[erlang-questions] The importance of Basic Unicode Understanding in Erlang

Masklinn <>
Thu Sep 29 13:35:59 CEST 2011


On 2011-09-28, at 23:14 , Richard Carlsson wrote:
> 
> - The "good old length and comparison functions" are not broken, they just answer much simpler questions than what you're asking. length(S) tells you how many code points are in string S, no more, no less. Not glyphs, not graphemes, not abstract characters. Code points. Similar for comparisons. And for some applications, this is all you need. It's only when you want to apply "human" ideas of order and visual appearance that you need to use special library functions
I'm not sure I agree about that: let's imagine you send a name to a third-party tool, and that tool happens to have very precise ideas about normalization (e.g. it's an OSX API and it *will* manipulate only NFD strings). You send an NFC UTF-8 bytestring, you get an NDF UTF-8 bytestring, you decode to Unicode codepoints. The two unicode sequences are canonically equivalent, but not equal. This has little to do with "human ideas of order and visual appearance" now does it?

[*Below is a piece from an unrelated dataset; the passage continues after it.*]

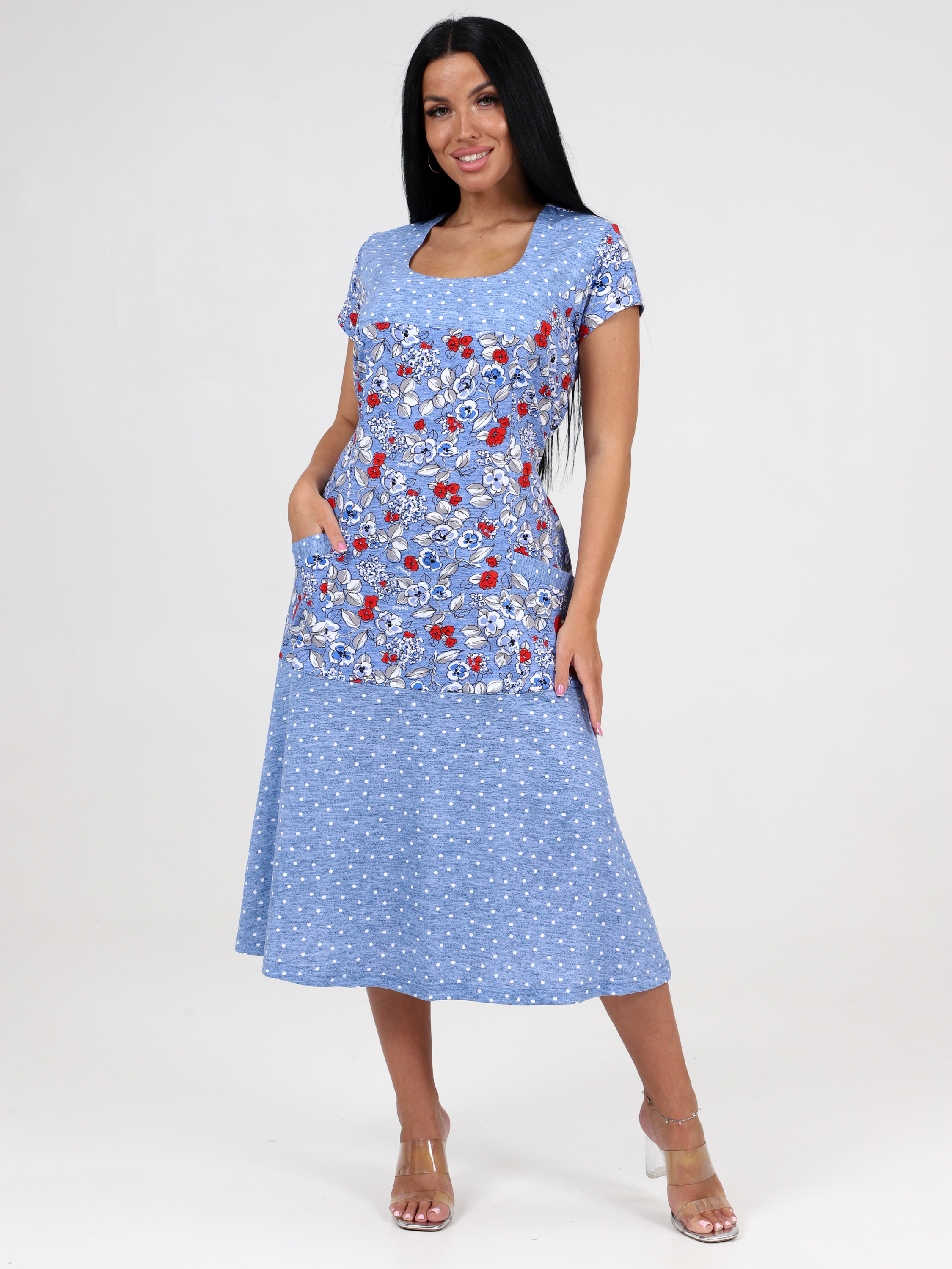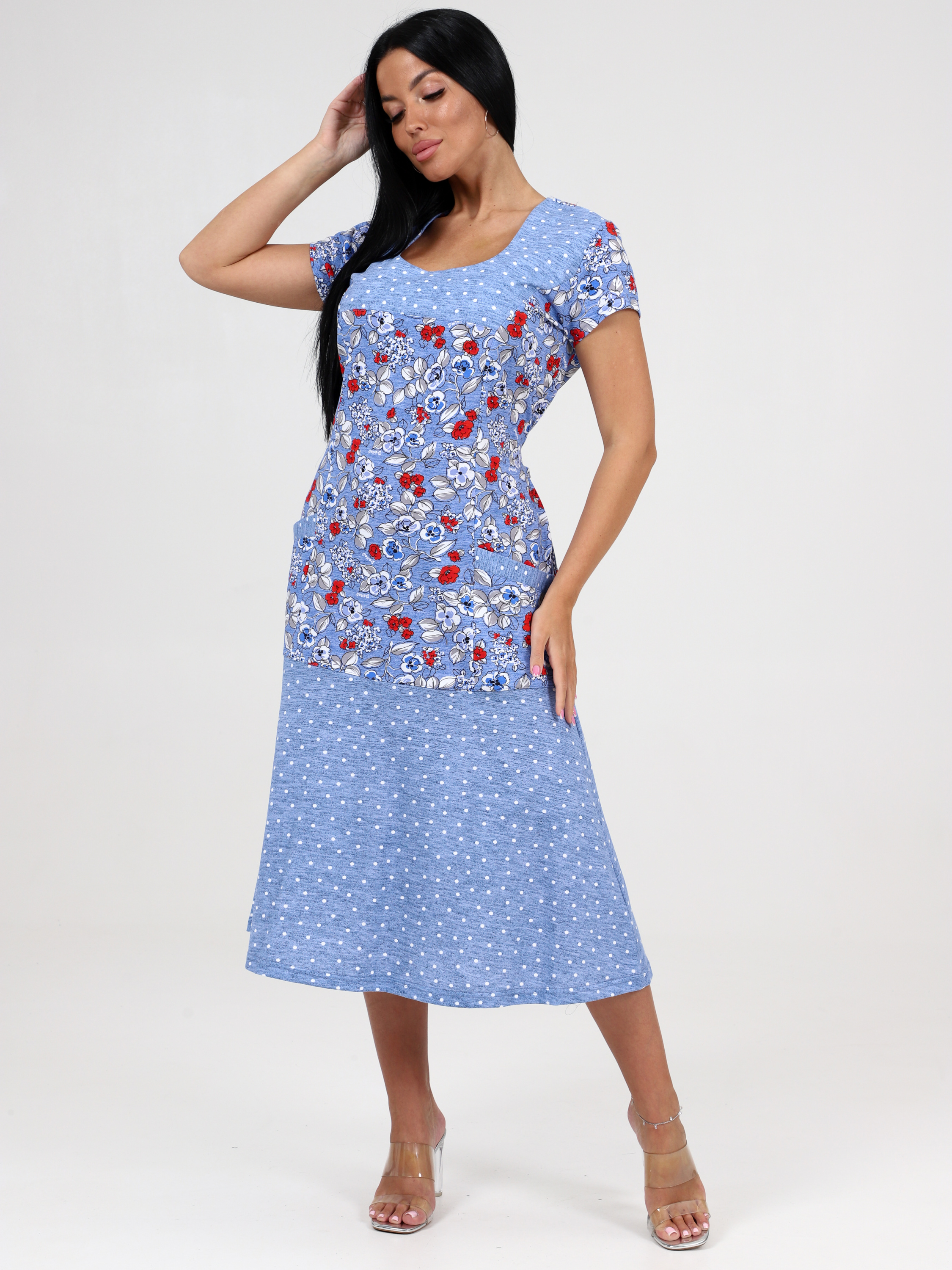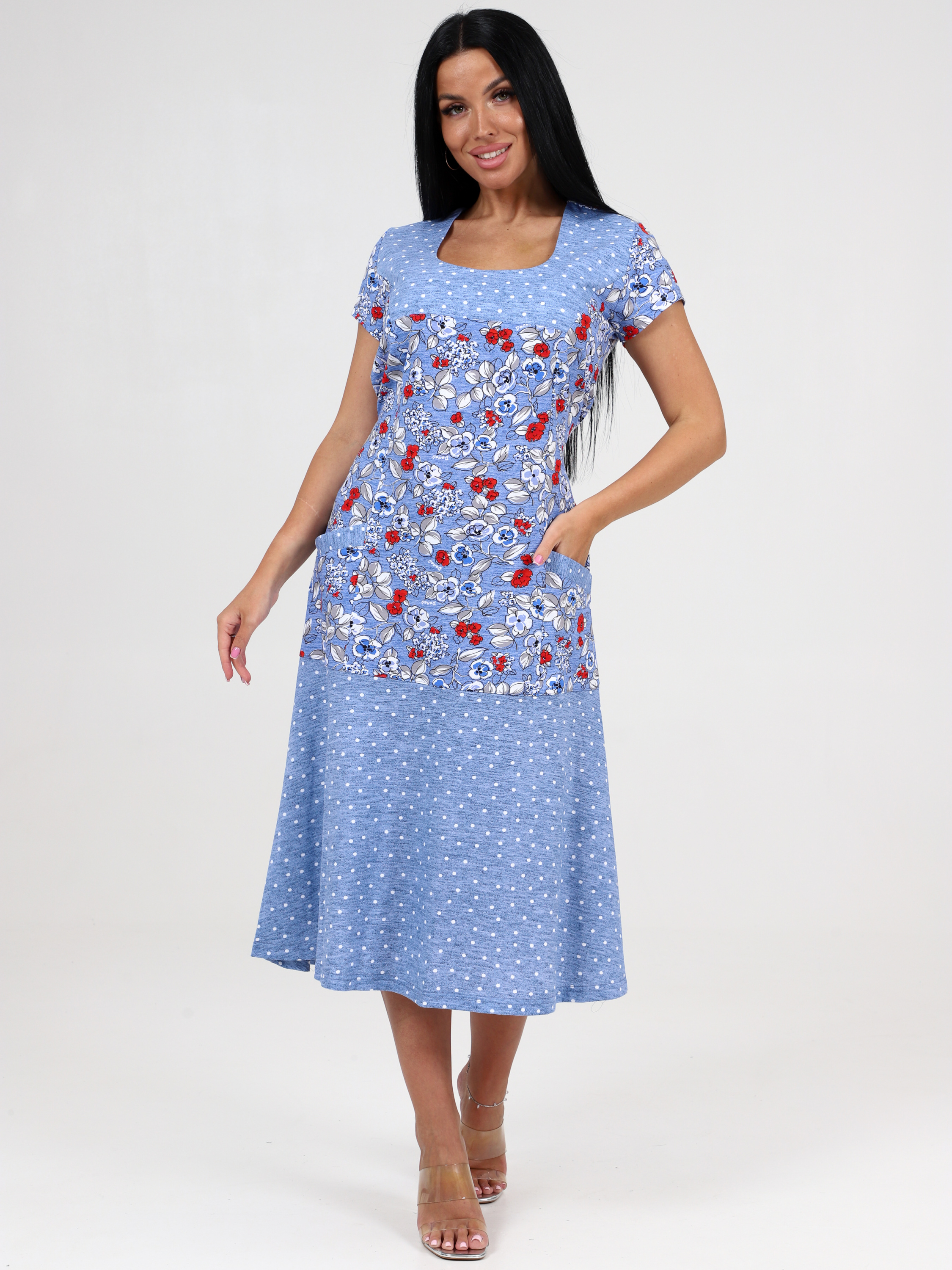 Платье трикотажное больших размеров, хорошо сидит по фигуре. В боковых швах 2 хлястика. Для практичности предусмотрены 2 накладных кармана.

> - and if you do this, you should _know_ that this is what you're doing; not hope that a primitive function like length(S) will guess what kind of information you want it to compute.
I really don't agree. A good API should make doing the common and right thing *easy* (and fool-proof), and the uncommon (and usually wrong) thing harder. Most string APIs do the exact opposite re. unicode, that's bonkers. How often do you need the codepoints-length of a unicode sequence? The length of a UTF-encoded binary stream yes, the number of grapheme clusters (for elision or length cutoff of some character field), but the unicode sequence? I don't think I've ever had this need. The number of grapheme clusters for elision or length cutoff yes, but definitely not the number of codepoints.

> - There's nothing strange about having to use ~ts instead of ~s in format strings: similar changes have to be made in C code to handle wide characters and multibyte encodings. Backwards compatibility with the existing codebase is simply a necessary thing. Yes, you have to update your source code if you want to make it work on Unicode.
On the other hand, Erlang is not C, it's not like I have to do pointer arithmetics or consider collection ownership to know when to manually release my arrays.